After locating the line with "Loose Blouse |" in the entries below, output it and each following line up to and including the line with "Duiven vliegen over", exactly and without pictures.

DATA LISTING:

● ● ● ● ●

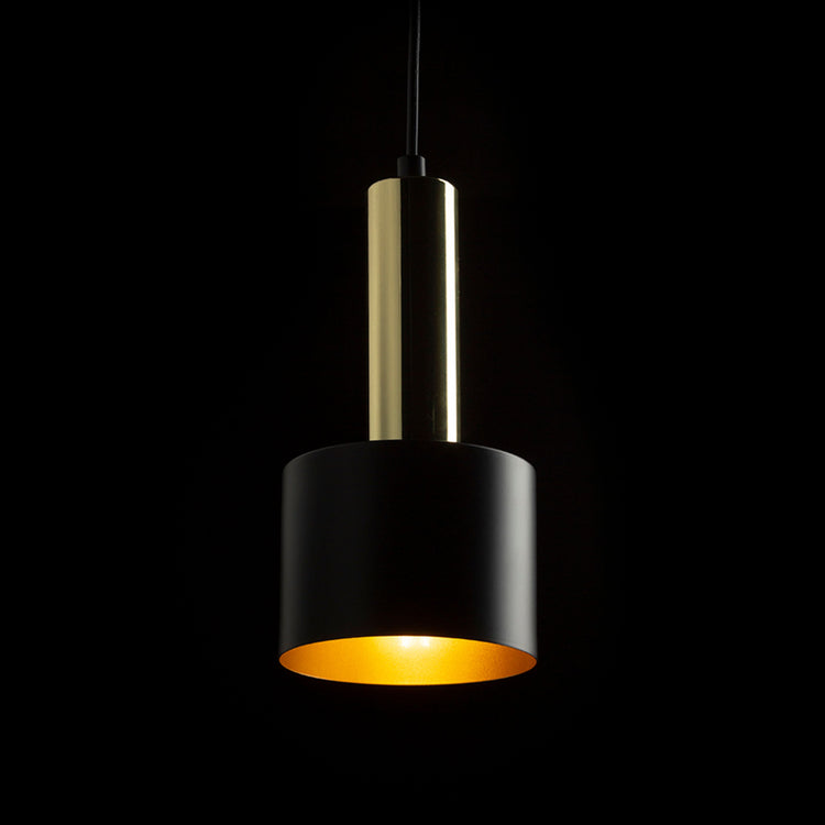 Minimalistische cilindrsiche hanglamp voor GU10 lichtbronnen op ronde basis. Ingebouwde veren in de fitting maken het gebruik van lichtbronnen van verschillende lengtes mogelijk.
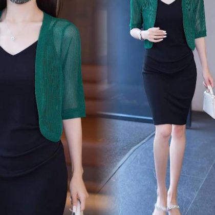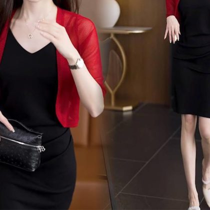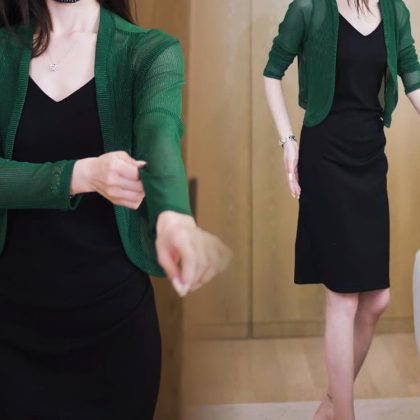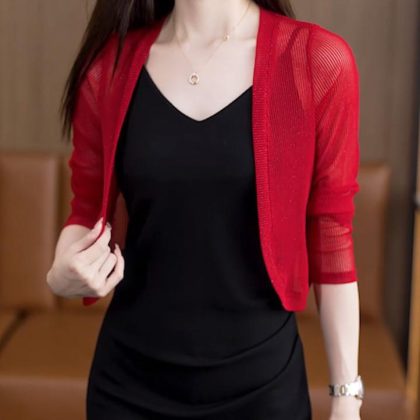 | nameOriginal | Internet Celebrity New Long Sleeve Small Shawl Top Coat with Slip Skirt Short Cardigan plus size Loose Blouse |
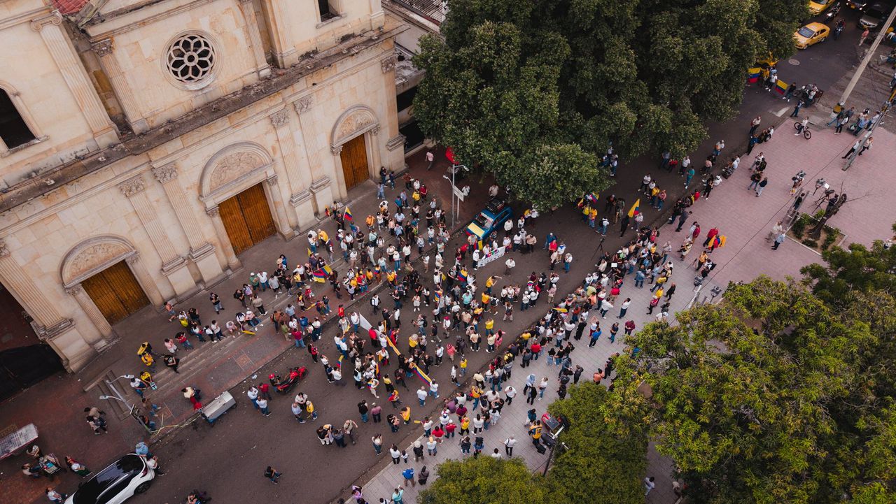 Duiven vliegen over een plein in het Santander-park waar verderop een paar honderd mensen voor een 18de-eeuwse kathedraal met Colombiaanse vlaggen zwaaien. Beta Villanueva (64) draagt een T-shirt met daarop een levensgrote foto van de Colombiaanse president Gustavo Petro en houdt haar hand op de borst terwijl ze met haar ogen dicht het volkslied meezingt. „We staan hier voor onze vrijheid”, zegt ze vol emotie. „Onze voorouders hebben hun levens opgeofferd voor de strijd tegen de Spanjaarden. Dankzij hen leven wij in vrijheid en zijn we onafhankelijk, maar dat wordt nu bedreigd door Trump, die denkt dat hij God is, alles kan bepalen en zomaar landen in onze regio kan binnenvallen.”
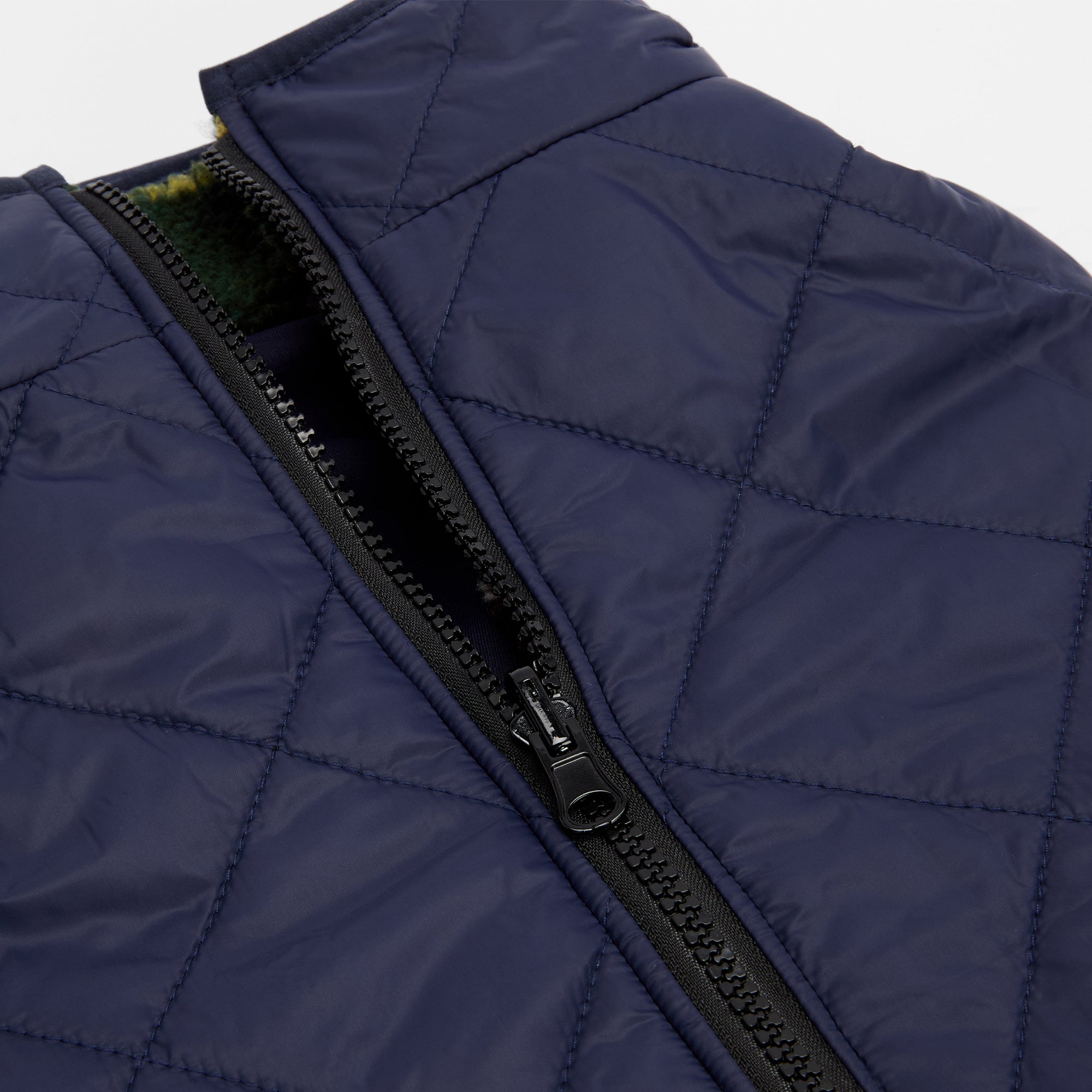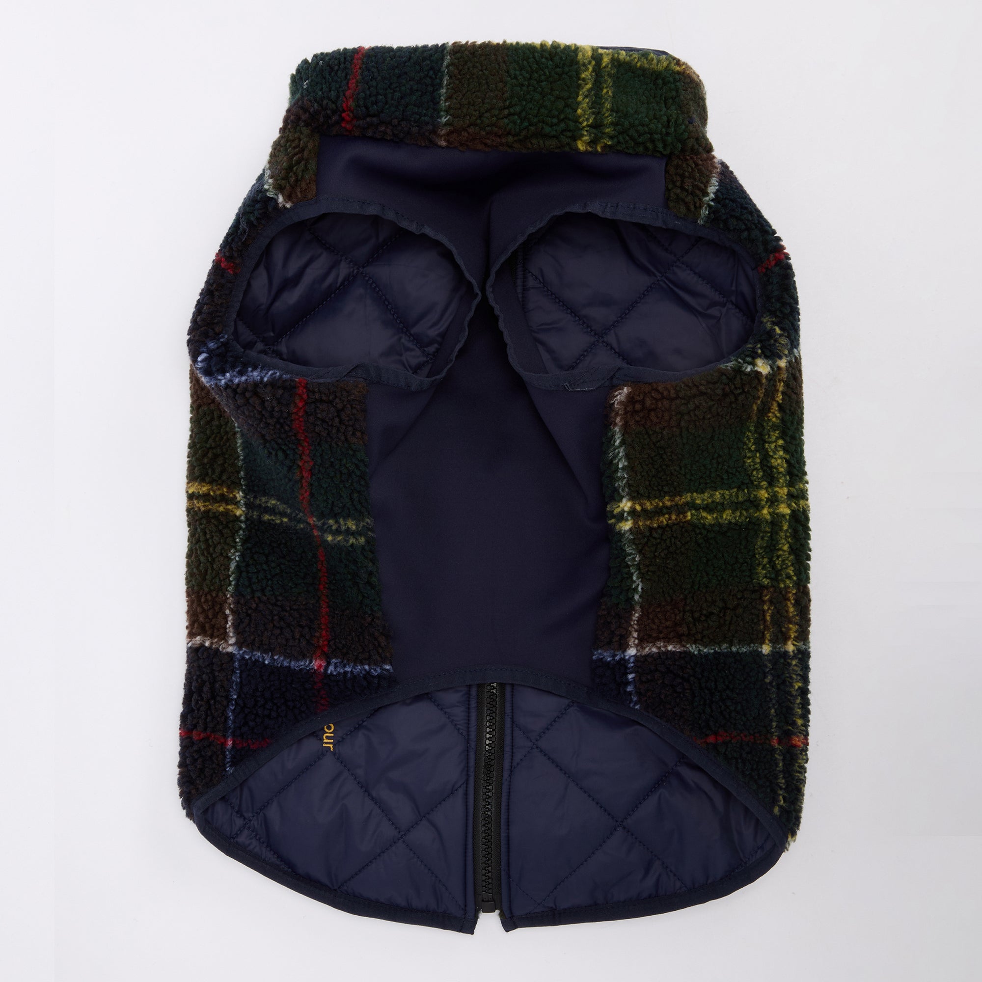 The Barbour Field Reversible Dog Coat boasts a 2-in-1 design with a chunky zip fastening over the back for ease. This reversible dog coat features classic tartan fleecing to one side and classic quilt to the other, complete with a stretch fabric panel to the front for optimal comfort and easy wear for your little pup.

● ● ● ● ●

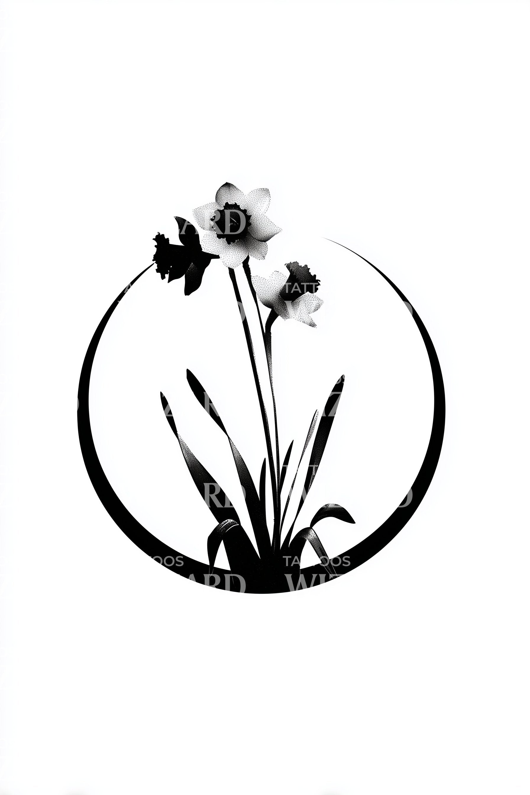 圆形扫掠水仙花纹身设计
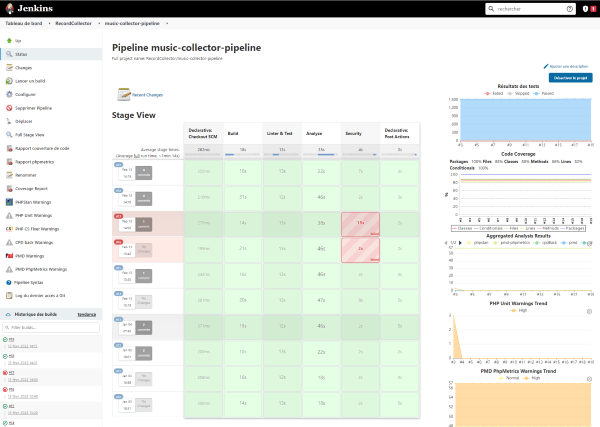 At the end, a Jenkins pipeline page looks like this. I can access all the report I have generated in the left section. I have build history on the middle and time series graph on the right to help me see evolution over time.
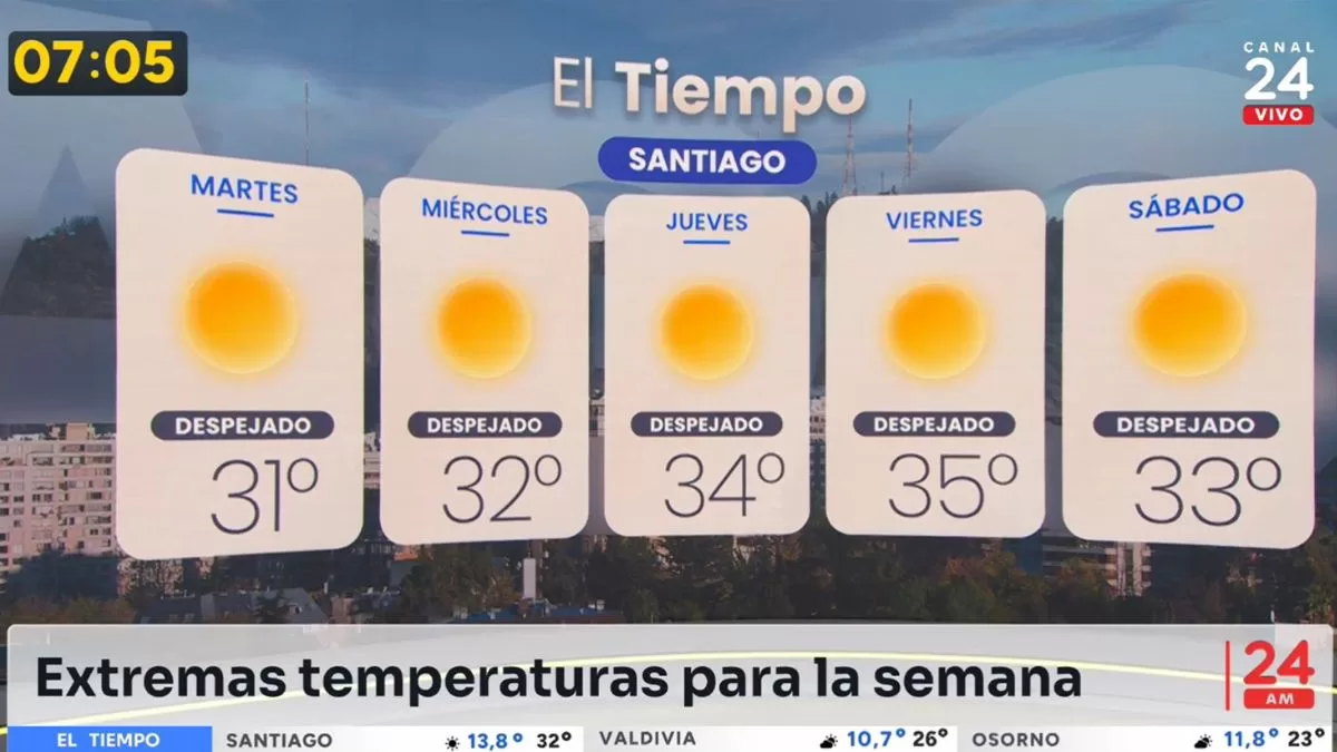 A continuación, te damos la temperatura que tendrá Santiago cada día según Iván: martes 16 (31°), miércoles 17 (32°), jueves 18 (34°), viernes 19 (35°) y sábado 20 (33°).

● ● ● ● ●

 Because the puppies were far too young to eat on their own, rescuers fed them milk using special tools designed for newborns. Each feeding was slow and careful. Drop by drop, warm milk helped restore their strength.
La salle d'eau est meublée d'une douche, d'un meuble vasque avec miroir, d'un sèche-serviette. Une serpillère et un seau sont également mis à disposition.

● ● ● ● ●

FINISHED TASK:
 | nameOriginal | Internet Celebrity New Long Sleeve Small Shawl Top Coat with Slip Skirt Short Cardigan plus size Loose Blouse |
 Duiven vliegen over een plein in het Santander-park waar verderop een paar honderd mensen voor een 18de-eeuwse kathedraal met Colombiaanse vlaggen zwaaien. Beta Villanueva (64) draagt een T-shirt met daarop een levensgrote foto van de Colombiaanse president Gustavo Petro en houdt haar hand op de borst terwijl ze met haar ogen dicht het volkslied meezingt. „We staan hier voor onze vrijheid”, zegt ze vol emotie. „Onze voorouders hebben hun levens opgeofferd voor de strijd tegen de Spanjaarden. Dankzij hen leven wij in vrijheid en zijn we onafhankelijk, maar dat wordt nu bedreigd door Trump, die denkt dat hij God is, alles kan bepalen en zomaar landen in onze regio kan binnenvallen.”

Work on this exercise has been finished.